Posted by Arjendu on February 19, 2008

This is advising week — because of travel plans later this week, it is advising 1/2 week for me, so there is a flood of students in here walking in and out. As with everything else I do at Carleton (perhaps grading excepted), I value these conversations, and enjoy them — but the number can get a little overwhelming.

I taught a Cross-Cultural Studies Seminar last term, and incoming students often get assigned to Profs from their first term seminar. So for a change I have many kids with interests clearly on the other side of campus. Not that all my advisees land up in the sciences typically, but since I’ve usually met them through a physics course, I know they aren’t antipathetic to science. Not this year!

Some conversations with first-years are interesting, about why one might choose an Asian Studies major, for example, and how to make choices within the broad range that Carleton offers, with the minimal constraints it imposes.

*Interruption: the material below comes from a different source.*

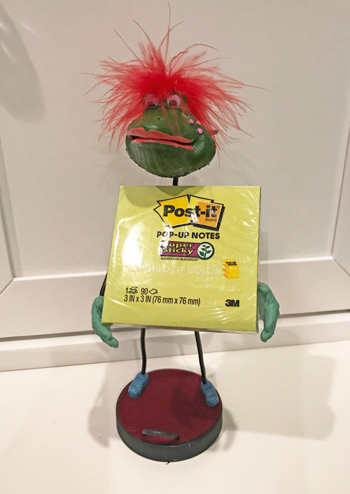 The Zortz heads have always demanded a body. I tried many different ideas over the years but they were all just to hard to produce. One day my brother-in-law gave me a spool of this really cool traffic light wire (he works for the MTA). After playing around with it for a while, running it through research and development, I came up with Pozers, a flexible funky full bodied Zortz, that can hold a cell phone in it’s loving arms or a notepad. Dimensions:3” X 3” X 10”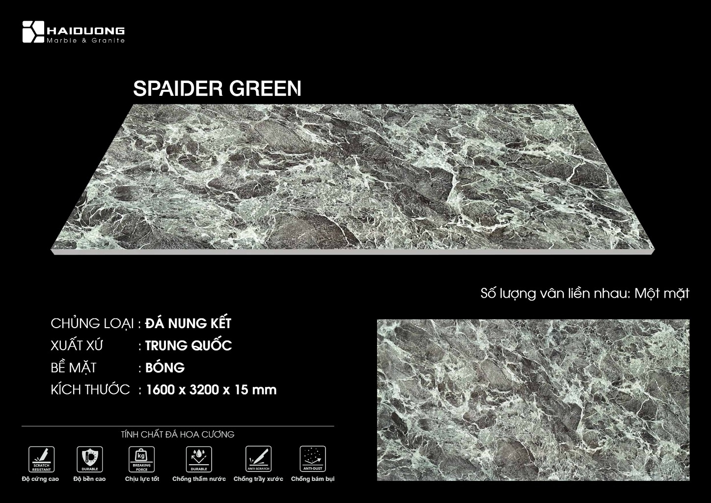 SPAIDER GREEN với màu sắc chủ đạo là màu xanh lá, kèm với đó là những vân trắng xen lẫn với những mảng xanh đậm, tạo nên sự độc đáo và khác biệt. Phù hợp cho nhiều ứng dụng nội thất hiện đại như ốp tường, lát sàn hay mặt bàn. Đá có độ cứng cao, chịu lực tốt, chống thấm nước, trầy xước và bám bẩn hiệu quả, đảm bảo độ bền và tính thẩm mỹ lâu dài.

There’s one student who wants to spend a long time away from campus, and I’ve asked him to convince me that he can do this by mapping out a course of study over the next few years. I tell him that he can argue all he likes that it should be possible to do this, but one example, which would take him a couple of hours at most, would make me happy, and constitute empirical proof that it is possible to do the major he wants even with all that time away from Carleton. It would make sure that there are no ‘oops’-es to address later. But there’s something about this exercise that he simply doesn’t want to do — not a particularly empirical thinker, perhaps?

Sophomores are facing a more dramatic moment: Choosing a major. For them, the world is seemingly narrowing suddenly and I see some students thrash around at this point of decision. How does one choose with confidence that one path through life and expect it to bring happiness? How can one minimize regret? I look back on my choices, and boy did I make it early. I knew when I was a very young kid that I wanted to be a physicist, and the way the Indian system works, my early choice committed me kind of definitively. Given that I hung out with economists all my college life, I am sure I would’ve landed up drifting towards economics if it hadn’t been for that early commitment. Some of my sophomores are still drifting, but most are trying to choose carefully between related fields, or trying to figure out how to double-major, and so on. These conversations end on a slightly nostalgic note, since this is our last advising meeting. After this, they get advisers in their major.

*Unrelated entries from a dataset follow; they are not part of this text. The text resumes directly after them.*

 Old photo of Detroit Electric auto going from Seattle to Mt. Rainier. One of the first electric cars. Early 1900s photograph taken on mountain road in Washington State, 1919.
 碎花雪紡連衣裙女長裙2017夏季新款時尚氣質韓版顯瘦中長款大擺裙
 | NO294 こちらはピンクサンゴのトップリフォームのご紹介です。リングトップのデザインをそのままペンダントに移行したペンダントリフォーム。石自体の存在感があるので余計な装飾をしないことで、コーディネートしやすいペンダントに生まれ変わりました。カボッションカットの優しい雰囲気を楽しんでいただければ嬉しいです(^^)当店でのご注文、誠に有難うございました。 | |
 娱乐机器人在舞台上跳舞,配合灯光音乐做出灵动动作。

Talking to the seniors, some of their excitement rubs off — they’re getting the grad school acceptances back and the future looks so inviting. There’s a certain amount of reeling back in shock, I have to say, at the fellowships schools are offering nowadays ($25K, wow!) and I am thrilled for them. But they do have to choose. Somewhere in the mists of memory is lost a description of the feeling of choosing a grad adviser at the end of your first year. As a a physicist, one minute you had all the options in the Universe, literally — from studying the cosmos to studying tiny particles, to everything in between. The next, you have committed to one area, and a few months later, to one problem, and very soon after that, you have an incredibly narrow focus. You are the only person in the world who knows your particular research problem as well as you do, and cares about that minus sign with the same intensity that you do.

Boy these kids have a lot of trust in me, asking me to hold their hands through some of this process! The trick of advising, or choosing in general is, as I said in an earlier post, the dichotomy between global statistics and individual chaos: We can reason statistically, make educated guesses about what’s typical or not, but to know what the future will be like for the one contingent case about which we care (that is, ourselves) is impossible. You never can tell the consequences of your choices. And if you did, it would be boring.